Scientists at the US Department of Energy’s Pacific Northwest National Laboratory (PNNL) and Argonne National Laboratory, with colleagues from FEI, Inc and Binghamton University, examining battery materials on the nano-scale, have shown how nickel forms a physical barrier that impedes the shuttling of lithium ions in a lithium-ion battery’s electrode, impeding charge and discharge. Published in the journal Nano Letters, the research also suggests a way to improve the materials, reports the PNNL.
The researchers, led by the PNNL’s Chongmin Wang, created high-resolution 3D images of electrode materials made from lithium-nickel-manganese oxide layered nanoparticles, mapping the individual elements. These maps showed that nickel formed clumps at certain spots in the nanoparticles. A higher magnification view showed the nickel blocking the channels through which lithium ions normally travel when batteries are charged and discharged.
“We were surprised to see the nickel selectively segregate like it did. When the moving lithium ions hit the segregated nickel-rich layer, they essentially encounter a barrier that appears to slow them down,” said Wang, a materials scientist based at the Environmental Molecular Sciences Laboratory (EMSL), a Department of Energy user facility on PNNL’s campus. “The block forms in the manufacturing process, and we’d like to find a way to prevent it.”
Researchers have known for a long time that adding nickel improves how much energy the electrode can hold, battery qualities known as capacity and voltage. But scientists haven’t understood why the capacity falls after repeated usage.
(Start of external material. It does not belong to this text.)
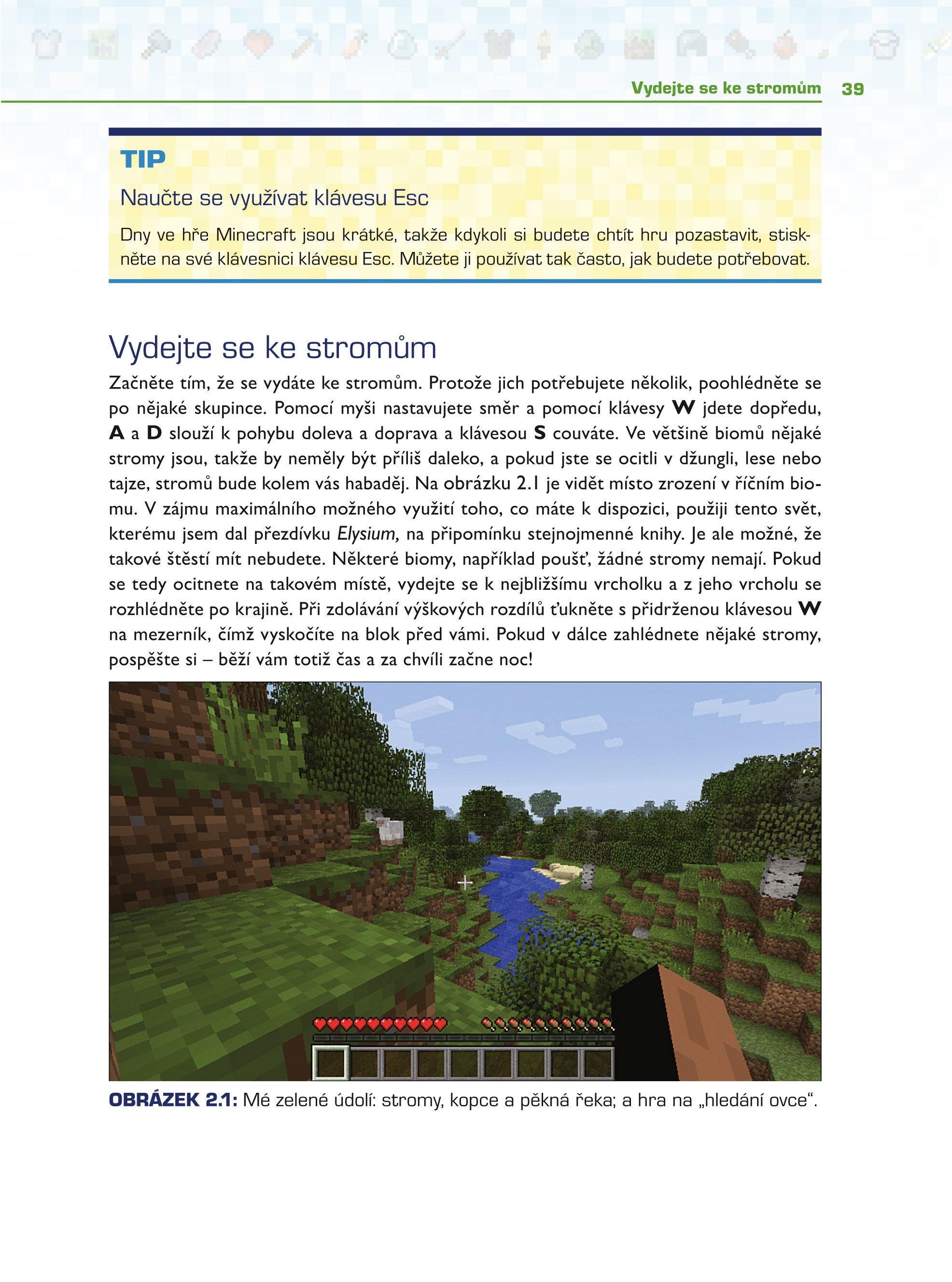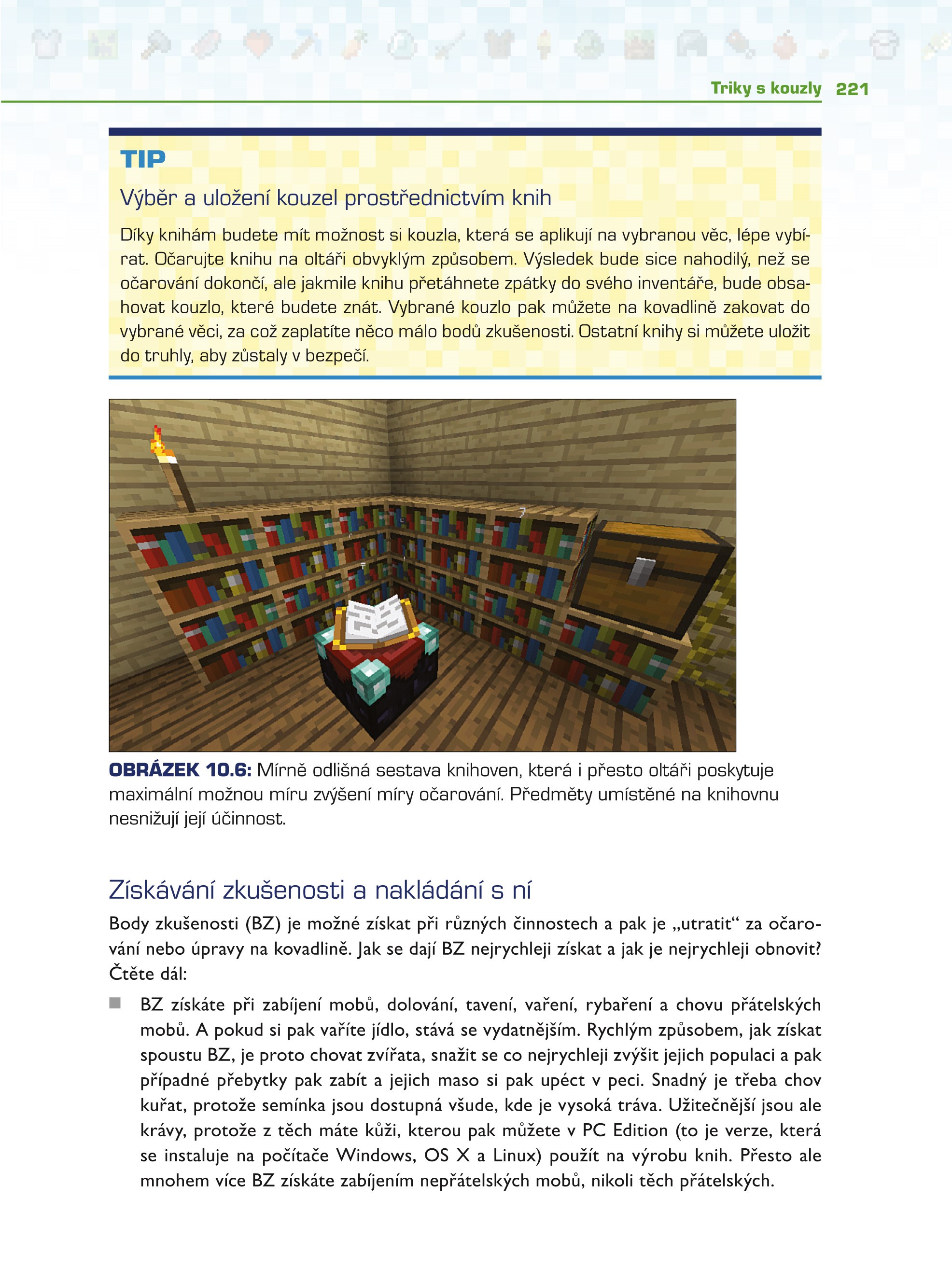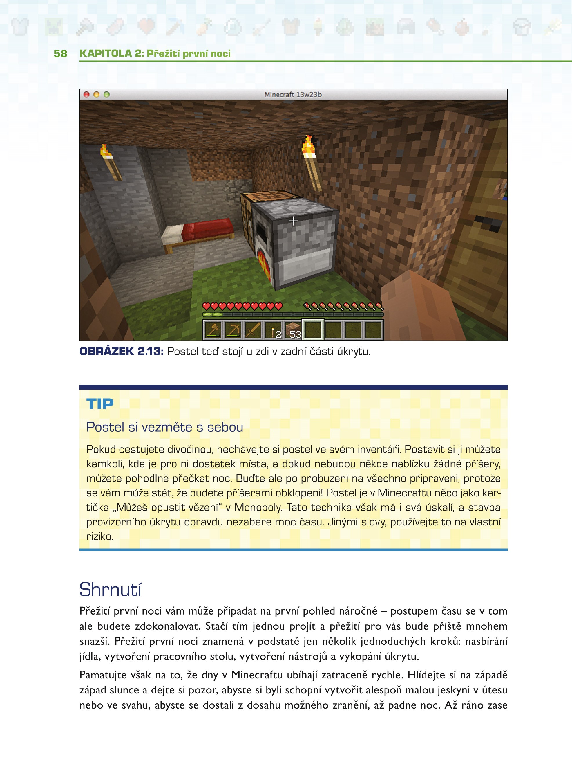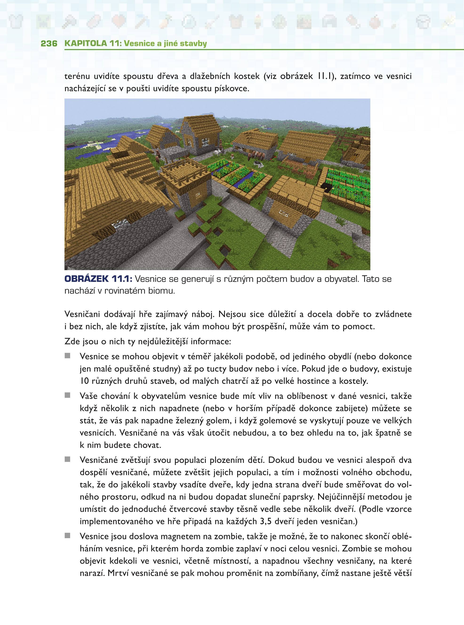 Vytvoř si svůj vlastní svět! Minecraft je mnohem víc než jen hra: je to alternativní vesmír plný tvorby, dobrodružství, napětí, vášně a překvapení. Není do něj ale radno chodit na vlastní pěst. Proto si s sebou na cestu nezapomeň vzít tohoto zkušeného průvodce, který tě bezpečně provede všemi nástrahami světa Minecraftu. Dozvíš se, jak přežít první noc, rychle najít a dolovat rudy, ochočit přátelské moby, vybudovat vlastní železniční síť a spoustu dalších vychytávek, díky kterým předčíš všechny kamarády!

To find out, Wang, materials scientist Meng Gu and their collaborators used electron microscopy at EMSL and the National Center for Electron Microscopy at Lawrence Berkeley National Laboratory to view how the different atoms are arranged in the electrode materials produced by Argonne National Laboratory researchers. The electrodes were based on nanoparticles made with lithium, nickel, and manganese oxides. First, the team took high-resolution images that clearly showed rows of atoms separated by channels filled with lithium ions. On the surface, they saw the accumulation of nickel at the ends of the rows, essentially blocking lithium from moving in and out.
To find out how the surface layer is distributed on and within the whole nanoparticle, the team used a technique called three-dimensional composition mapping. Using a nanoparticle about 200 nanometers in size, they took 50 images of the individual elements as they tilted the nanoparticle at various angles. The team reconstructed a three-dimensional map from the individual elemental maps, revealing spots of nickel on a background of lithium-manganese oxide.
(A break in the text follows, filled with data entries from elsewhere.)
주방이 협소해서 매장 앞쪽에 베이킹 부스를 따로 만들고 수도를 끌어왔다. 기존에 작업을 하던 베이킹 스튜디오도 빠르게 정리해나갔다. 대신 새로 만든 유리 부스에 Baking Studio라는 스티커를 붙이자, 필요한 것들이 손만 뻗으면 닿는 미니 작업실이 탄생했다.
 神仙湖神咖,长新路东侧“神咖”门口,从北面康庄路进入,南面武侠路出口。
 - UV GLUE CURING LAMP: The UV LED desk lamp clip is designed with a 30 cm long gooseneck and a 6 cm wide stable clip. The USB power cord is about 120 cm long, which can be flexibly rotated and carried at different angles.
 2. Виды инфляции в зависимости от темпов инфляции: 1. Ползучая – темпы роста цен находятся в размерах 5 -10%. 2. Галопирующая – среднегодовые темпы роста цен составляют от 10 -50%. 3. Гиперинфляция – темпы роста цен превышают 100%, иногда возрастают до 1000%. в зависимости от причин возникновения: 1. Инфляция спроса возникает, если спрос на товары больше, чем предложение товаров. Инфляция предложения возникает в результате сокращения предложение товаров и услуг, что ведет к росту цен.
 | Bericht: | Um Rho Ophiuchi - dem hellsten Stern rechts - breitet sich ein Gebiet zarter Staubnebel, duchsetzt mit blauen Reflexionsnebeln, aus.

The three-dimensional distribution of manganese, oxygen and lithium atoms along the surface and within the particle was relatively even. The nickel, however, parked itself in small areas on the surface. Internally, the nickel clumped on the edges of smaller regions called grains.
To explore why nickel aggregates on certain surfaces, the team calculated how easily nickel and lithium travelled through the channels. Nickel moved more easily up and down the channels than lithium. While nickel normally resides within the manganese oxide cornrows, sometimes it slips out into the channels. And when it does, this analysis showed that it flows much easier through the channels to the end of the field, where it accumulates and forms a block.
The researchers used a variety of methods to make the nanoparticles. Wang said that the longer the nanoparticles stayed at high temperature during fabrication, the more nickel segregated and the poorer the particles performed in charging and discharging tests. They plan on doing more closely controlled experiments to determine if a particular manufacturing method produces a better electrode.